It can sometimes be frustrating to be working on a project only to find out that you have been doing it wrong the entire time (and now you've wasted money on components). While this experience is, regrettably, part of the learning process, shouldn't there be a way to eliminate the expense and mess?
Below is a simulation o a simple circuit with LEDs that demonstrates a way to avoid this problem. (you can click on the switches to turn them on and off)
If nothing appears above, click here.
Step 1: Tinkercad
There are a few programs available for download, such as ORCAD or EAGLE, these are both more processing intensive, and likely aimed toward professionals. Tinkercad is neither of these. It allows users to create 3D designs as well as circuits, and with the latter, you are able to both edit code for its components and run a simulation. Tinkercad is run by Autodesk, the same company who runs Instructables (the site you're on right now).
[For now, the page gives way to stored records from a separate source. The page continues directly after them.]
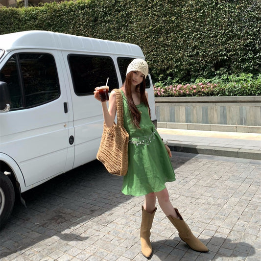 【F60395】實拍復古京綠亞麻天絲洋裝250526
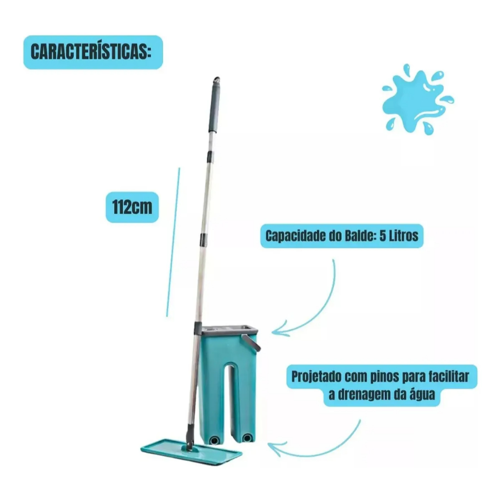Rodo Flat Mop e Balde para Limpeza de Piso Refil Grátis Gift Util
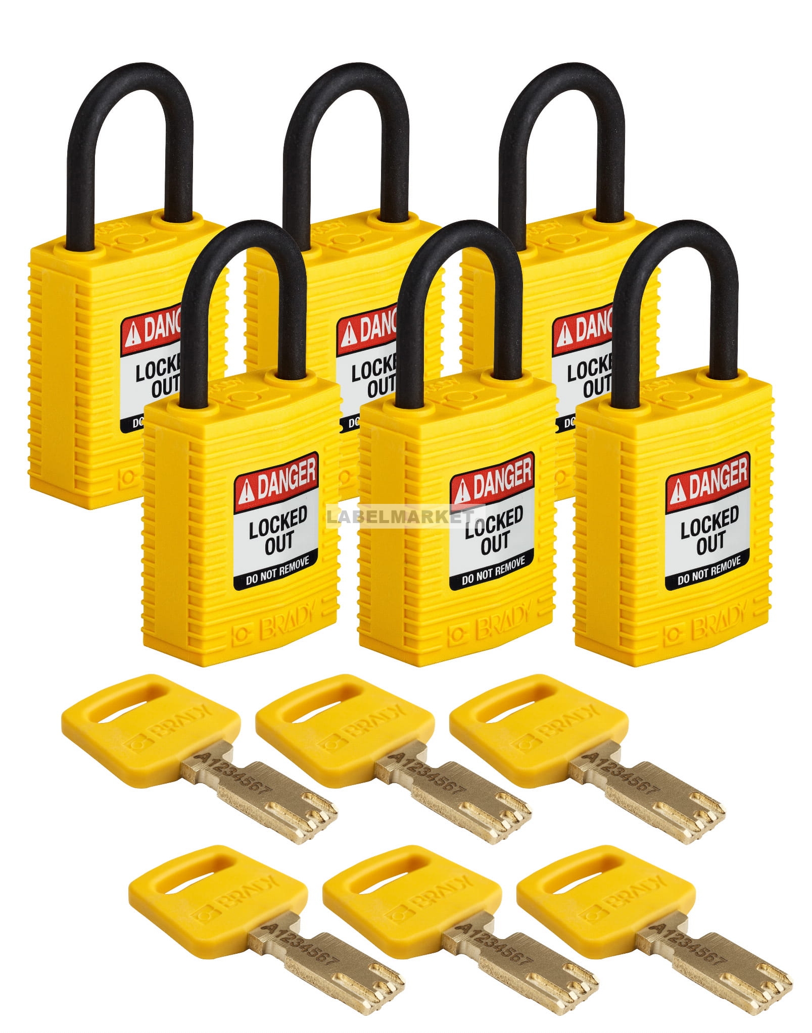 Brady kłódka SafeKey Nylon Compact - szekla polimerowa 25 mm różne klucze zestaw 6 szt. (150208)
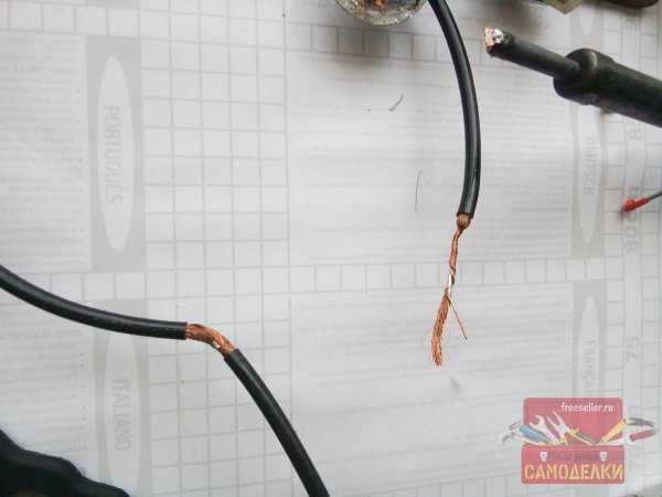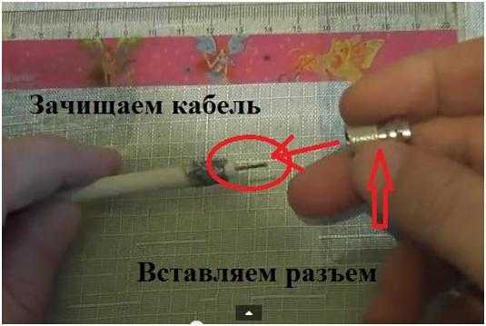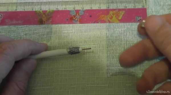 Далее берем обычный антенный кабель, зачищаем его с одной стороны и вставляем разъем.

Once you've made an account, navigate to your dashboard and proceed to the next step.
Step 2: Your First Project
At the top you'll see a button that says "create a new circuit." You'll want to click on it. Upon doing so, you'll be led to a new page with a menu on the right and a large workspace.
Feel free to fiddle around with some stuff here, and once you've made a project just click "start simulation."
Hopefully, this website will allow you to make what you couldn't before, or just give you a way to experiment before building something for real.